Lockport Union-Sun & Journal — The Niagara County Industrial Development Agency is being asked to beef up its local hiring conditions for tax-break recipients and, also, take financial benefits away from companies caught employing illegal aliens.
This week, in two 14-0 votes, the Niagara County Legislature approved measures calling on the N.C.I.D.A. Board of Directors to impose and enforce a 100-percent local hiring requirement for companies that have Payment In Lieu of Taxes contracts with it.
The agency already has a local hiring policy for P.I.L.O.T. recipients, but the policy doesn’t state a required minimum percentage of local labor, and recipients’ compliance is not routinely policed. Companies receiving tax benefits are more or less on an honor system, according to Michael Tucker, acting chairman of the N.C.I.D.A. board of directors.
County Legislator Dennis Virtuoso, D-Niagara Falls, proposed the agency adopt a hiring policy similar to the one set by the County of Monroe I.D.A., which requires its tax-relief grantees to use 100 percent “local” labor, except in cases relating to equipment warranty issues, specialized construction, local versus non-local labor cost differentials or labor inavailability. Local hires are defined as residents of Monroe, Genesee, Livingston, Orleans, Ontario, Seneca, Wayne, Wyoming and Yates counties.

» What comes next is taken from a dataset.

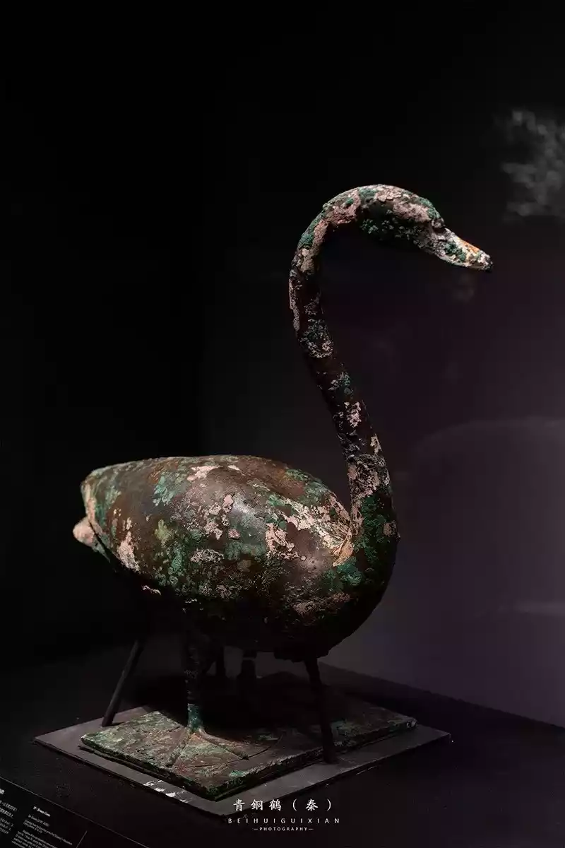 Here is a green-faced bronze crane from the Qin Dynasty, which is said to be the Qin Shi Huang's magical artifact for seeking immortality. It reveals the secrets of the bronze making technology of the Qin Dynasty.
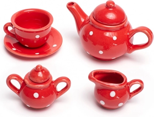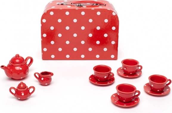 Priredite savršeni dječji čajni party s ovim čarobnim setom u crvenoj boji s bijelim točkama. Set sadrži sve što mali domaćini trebaju – čajnik, 4 šalice s tanjurićima, šećernicu i vrčić za mlijeko. Sve se nakon igre lako pospremi u čvrsti koferčić, pa je set idealan i za putovanja. Proizvedeno od kvalitetnih materijala i u skladu s europskim sigurnosnim normama.

Since the policy went into effect in 2004, C.O.M.I.D.A. granted tax relief on 367 construction projects that generated 15,578 construction jobs. Developers sought waivers on 1 percent or 320 jobs, according to agency Director Judy A. Seil. Exemptions granted by the agency are reviewed by an independent auditing firm.
Enforcing a local-hire policy is a challenge for N.C.I.D.A., according to Tucker.
“We do monitor the best we can, but it’s not like we’re going to hire somebody to do a (project by project) head count,” he said. “We will take both of those (legislative resolutions) up, though. I will make sure they’re brought to the table.”